Controllable Singing Style Conversion with Boundary-Aware Information Bottleneck
Summary: arXiv:2604.05526v1 Announce Type: cross
This paper presents the submission of the S4 team to the Singing Voice Conversion Challenge 2025 (SVCC2025) – a novel singing style conversion system that advances fine-grained style conversion and control within in-domain settings. The research focuses on addressing several critical challenges in singing voice conversion, including style leakage, dynamic rendering, and high-fidelity generation with limited data.
Key Innovations
The S4 team introduces three key innovations to improve the singing style conversion process:
- Boundary-aware Whisper Bottleneck: This component pools phoneme-span representations to suppress residual source style while preserving the linguistic content. This innovation helps in maintaining the integrity of the voice while converting styles.

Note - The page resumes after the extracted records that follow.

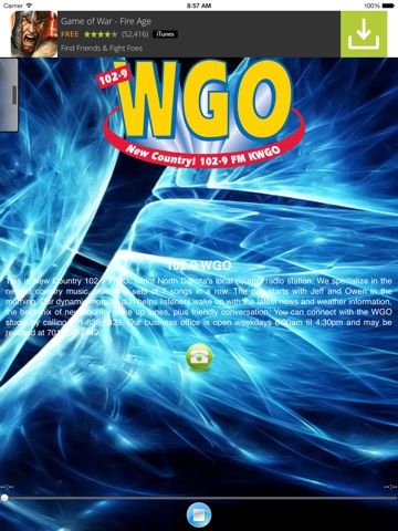 102.9 WGO, Minot North Dakotas new country music station, featuring 7 in-a-row music sweeps and Jeff and Owen in the morning! Fast and frequent news and weather plus long 7 song music sweeps. And dont miss the 5 oclock mash-up, the perfect way to wrap up your workday. If its new, if its now, its on 102.9 WGO!
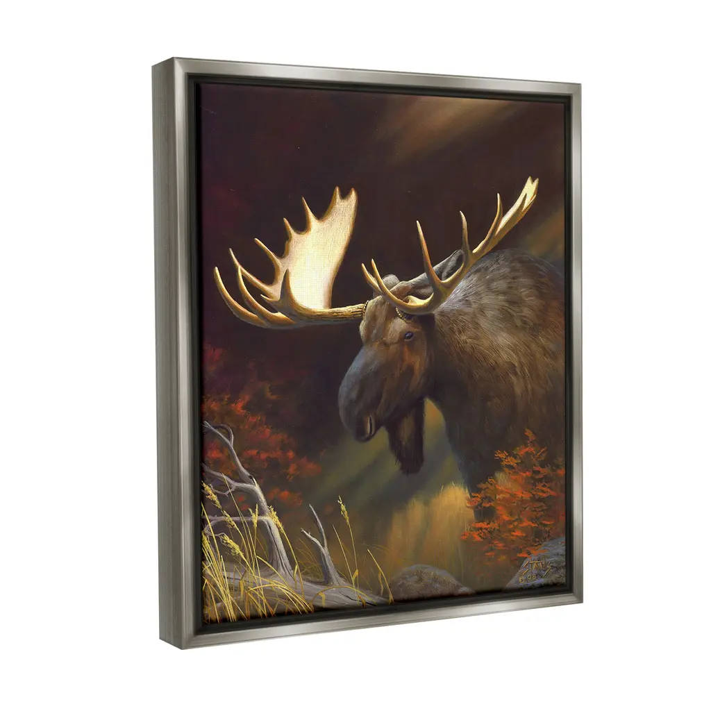 Elevate your home or office to the next level with Stupell Framed Floating Canvas Wall Art. Our premium hand-stretched canvas is mounted securely into a sturdy lightweight frame. The museum-style gap between the wrapped canvas and the box frame gives the illusion of floating artwork. Stupell Wall Art is made in the USA.Features: Dimensions: 17 x 1.7 x 21 Frame, 16 x 1.5 x 20 Canvas ArtFloating Frame Canvas Products are available in sizes 17"x21" and 25"x31". All Floating Frame Canvas Products have a 1.7" Depth.Wall Art is Ready to Hang with Hardware Free Hanging. No Installation required. For Easy Set Up Lean or Layer Artwork on Shelf or Against Wall. Artwork is Permently Fixed into the Frame.Our elevated 1.7" Thick Floating Frame is the perfect complement to our canvas style Wall Art. We use only the highest quality inks in house with industry leading printing solutions. Canvas is hand stretched over a durable wood foundation and then mounted securly into a Modern Box Frame. Made in the USA.Artwork Relates To: Animal, Mammal, Moose, Wildlife, Nature, Woodland, ForestDesign by Leo Stans
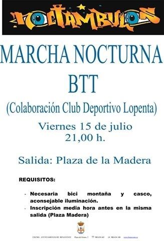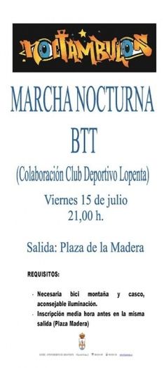 La concejalía de Juventud, dentro del programa denominado Noctámbulos, organiza este viernes día 15 la marcha nocturna BTT. Todos los interesados podrán realizar la XI Marcha nocturna BTT, que la Concejalía programa junto con el Club Deportivo Lopenta, cuya salida tendrá lugar a las 21:30h de la Plaza de la Madera.
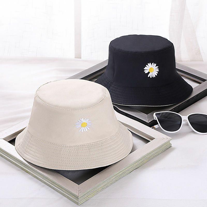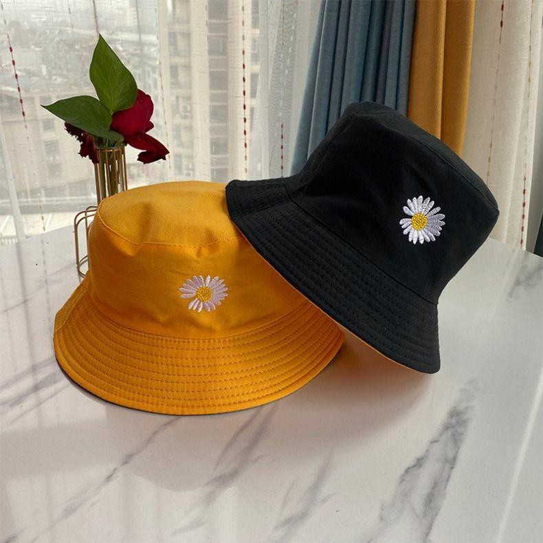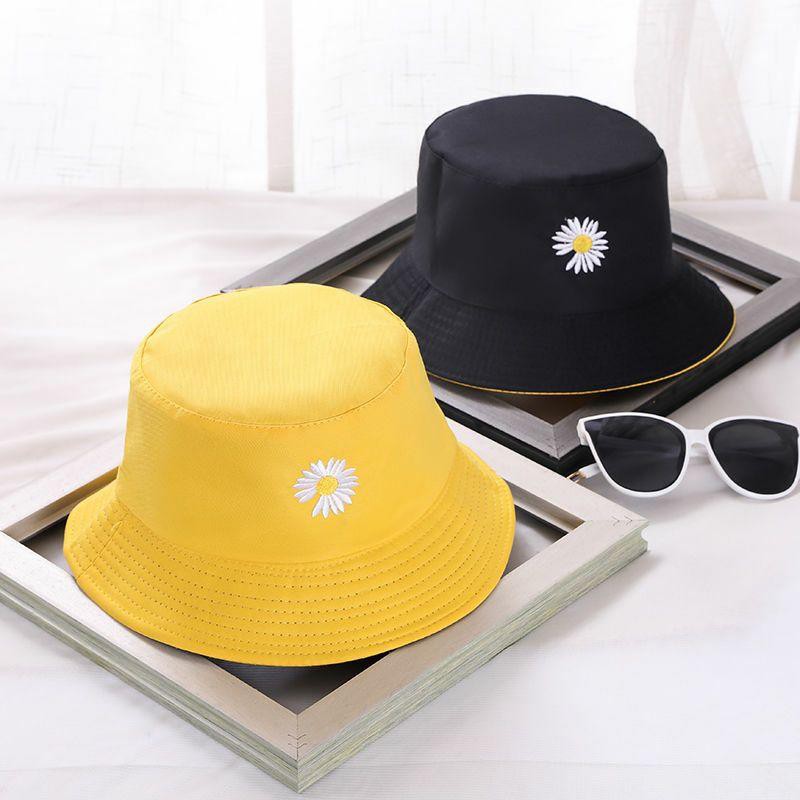 Women Bucket Fishing Hats Daisy Smile Cap Double Sided Wear Spring Lady Fisherman Beach Hat Gift Topi Pantai Wanita

- Explicit Frame-Level Technique Matrix: Enhanced by targeted F0 processing during inference, this method ensures stable and distinct dynamic style rendering. It allows for a more controlled conversion process that can adapt to various singing styles effectively.
- Perceptually Motivated High-Frequency Band Completion Strategy: This strategy leverages an auxiliary standard 48kHz SVC model to augment the high-frequency spectrum. It addresses the issue of data scarcity without overfitting, ensuring that the output maintains high fidelity and quality.
Performance and Evaluation
In the official SVCC2025 subjective evaluation, the S4 team’s system achieved the best naturalness performance among all submissions. Despite utilizing significantly less extra singing data than other top-performing systems, it maintained competitive results in speaker similarity and technique control. This is a notable achievement given the challenges inherent in voice conversion tasks.
Conclusion
The advancements made by the S4 team in controllable singing style conversion represent a significant step forward in the field of audio processing and machine learning. By addressing key challenges through innovative techniques, the team has set a new standard for future research in singing voice conversion. Audio samples demonstrating the capabilities of this system are available online, showcasing the system’s ability to produce high-quality, natural-sounding singing voice conversions.